- [WHAT TO DO]
When copying the data below, keep only the lines from the one with "Handcrafted in 14K" through the one with "Der volle Rundum-Komfort", word for word, and skip the pictures.

- [MATERIAL SHOWN]

###

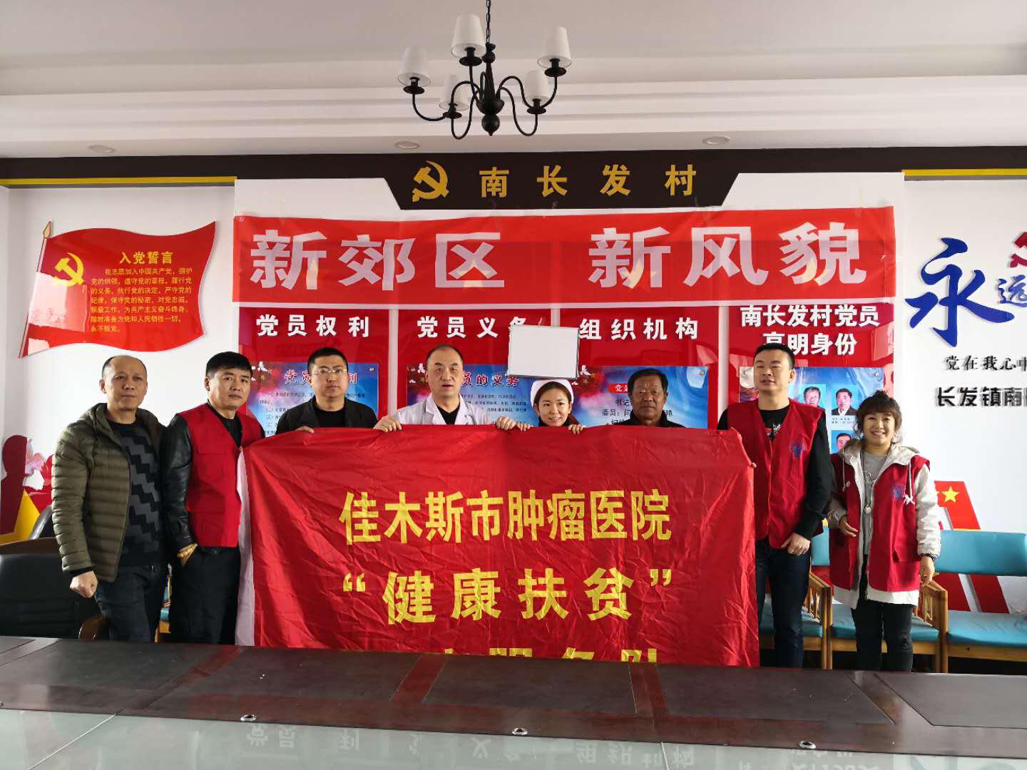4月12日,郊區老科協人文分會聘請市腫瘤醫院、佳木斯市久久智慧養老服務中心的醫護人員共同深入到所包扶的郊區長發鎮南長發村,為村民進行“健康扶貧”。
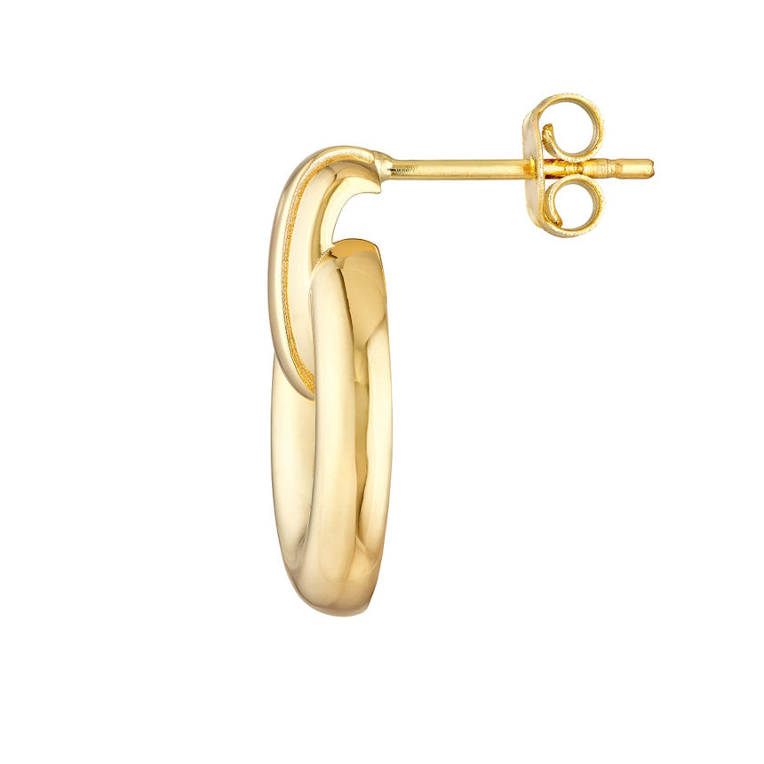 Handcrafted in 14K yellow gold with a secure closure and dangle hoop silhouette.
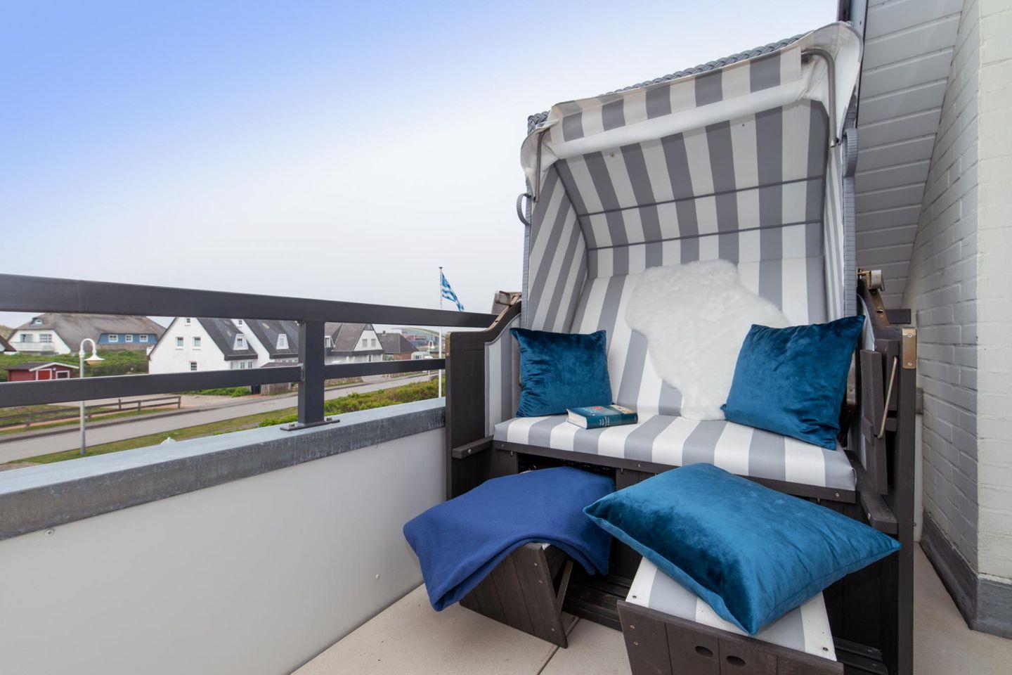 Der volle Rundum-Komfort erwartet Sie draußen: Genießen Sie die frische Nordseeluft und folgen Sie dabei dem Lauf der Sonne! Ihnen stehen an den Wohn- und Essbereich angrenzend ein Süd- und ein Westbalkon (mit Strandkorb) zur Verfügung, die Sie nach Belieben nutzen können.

###

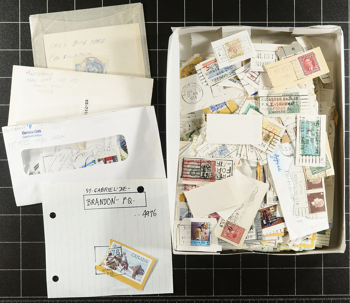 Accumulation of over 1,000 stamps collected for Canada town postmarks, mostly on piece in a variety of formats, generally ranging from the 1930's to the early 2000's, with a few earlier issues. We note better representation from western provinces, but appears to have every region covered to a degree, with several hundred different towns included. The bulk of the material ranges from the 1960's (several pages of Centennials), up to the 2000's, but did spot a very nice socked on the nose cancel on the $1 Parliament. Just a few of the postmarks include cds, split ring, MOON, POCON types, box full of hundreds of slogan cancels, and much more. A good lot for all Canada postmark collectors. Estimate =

###

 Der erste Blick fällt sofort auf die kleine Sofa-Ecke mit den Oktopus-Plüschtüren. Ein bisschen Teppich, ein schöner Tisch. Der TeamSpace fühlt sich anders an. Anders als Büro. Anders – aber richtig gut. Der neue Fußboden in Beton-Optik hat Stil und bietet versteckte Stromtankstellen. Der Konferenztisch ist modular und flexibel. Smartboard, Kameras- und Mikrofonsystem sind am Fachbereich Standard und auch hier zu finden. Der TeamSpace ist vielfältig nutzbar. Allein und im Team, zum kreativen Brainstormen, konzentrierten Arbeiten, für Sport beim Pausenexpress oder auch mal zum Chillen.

###

- [EXERCISE RESULT]
 Handcrafted in 14K yellow gold with a secure closure and dangle hoop silhouette.
 Der volle Rundum-Komfort erwartet Sie draußen: Genießen Sie die frische Nordseeluft und folgen Sie dabei dem Lauf der Sonne! Ihnen stehen an den Wohn- und Essbereich angrenzend ein Süd- und ein Westbalkon (mit Strandkorb) zur Verfügung, die Sie nach Belieben nutzen können.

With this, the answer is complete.